The Catcher in the Rye” (1951)

Salinger usually writes of very young people. His short novel “The Catcher in the Rye” appeared in 1951. The book became popular with its readers and was admired by many writers. Salinger depicted the indefinable vexations that caused discomfort and pain to the sensitive and roused the feeling of protest among the sensible.

Salinger used an original form of narration. The story is told by a teenager in funny schoolboy slang. The tone of narration is intimate and friendly. The main character, Holden Caulfield, seems to be full of laughter. But through the boy’s artless humorous talk his tragic attitude towards life soon becomes visible. He is seeking something he can’t find; crying for something he knows not what; he is angry and defiant he knows not why; he is fighting something but all in vain because it is invisible; and he despairs. This “something” is Salinger’s theme. It is Truth. Truth and Beauty have disappeared in the large cities of the 20th century. Salinger describes the trying situation of a good and sensitive boy who can’t conform to the corrupted morals and conventions of the adult world.

Holden Caulfield is a sixteen-year-old pupil in the Pencey Preparatory school, which is a boarding-school for boys from well-to-do families. Just before Christmas, he is expelled – “kicked out” – for not studying. He has failed in every subject except English, and this is the third school he is flunked out of. He is not a bit sorry. Holden Caulfield hates school and all teachers.

Holden himself tells us about his family. We learn from bits and ends of his little chronicle that his father is a successful lawyer; that his mother is a kind woman and has artistic tastes; that there are four children in the family. The youngest of the family is his little sister, Phoebe, who seems to understand him. But outside his family Holden has no real friends. Holden even dislikes sport because it is based on ambition and competition. Holden hates pretence.
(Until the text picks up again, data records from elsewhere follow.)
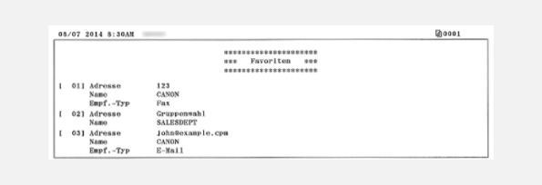 Sie können eine Liste der unter <Kodierte Wahl>, <Favoriten> und <Gruppenwahl> im Adressbuch gespeicherten Empfänger drucken.
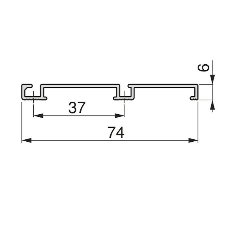 Binario inferiore a canale di larghezza mm.74 e di lunghezza mt. 3,90 per sistema di scorrimento dell'armadio Placard74.
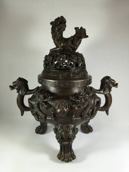 - ホーム > アンティーク、コレクション > 工芸品 > 金属工芸 > 銅製 > その他 >倣骨董品 青銅器 龍獅堂々香炉 大明同徳年 収蔵 中国 美術 工芸
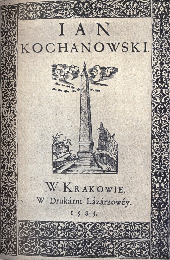 Pierwsze wydanie zbiorowe (dzieł Jana Kochanowskiego)., [online] Warszawa: Narodowy Instytut Audiowizualny [dostęp 13.04.2026]. Dostępny w internecie: http://www.ipsb.nina.gov.pl/a/foto/pierwsze-wydanie-zbiorowe-dziel-jana-kochanowskiego
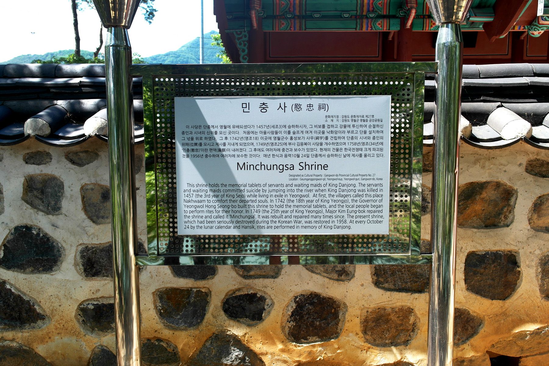 민충사는 강원도 문화재자료 제27호로 지정되었으며 한국전쟁 때 크게 파괴되었으나

All his schoolmates try to imitate the “adult” world, but he, in protest, behaves like a kid of 12. He can’t accept this world, and he takes refuge in lying. When Holden can’t stand the atmosphere of his school any longer, he escapes to New York. He wants to be alone and have some rest. But Holden is unable to become a hermit. He wants to know what life is made of. Throughout the story Holden tries to find out what people live for. Holden is awfully lonely and unhappy.

The field of rye is the symbolic world of childhood in the short novel. Holden wants to guard the children playing in the rye from “growing up”, because to grow up means to fall in with the “adult” world of modern America and it is as dangerous and fatal as falling off a cliff into an abyss.

A western critic has said about Salinger that he is one of today’s few authors who write about man with hope.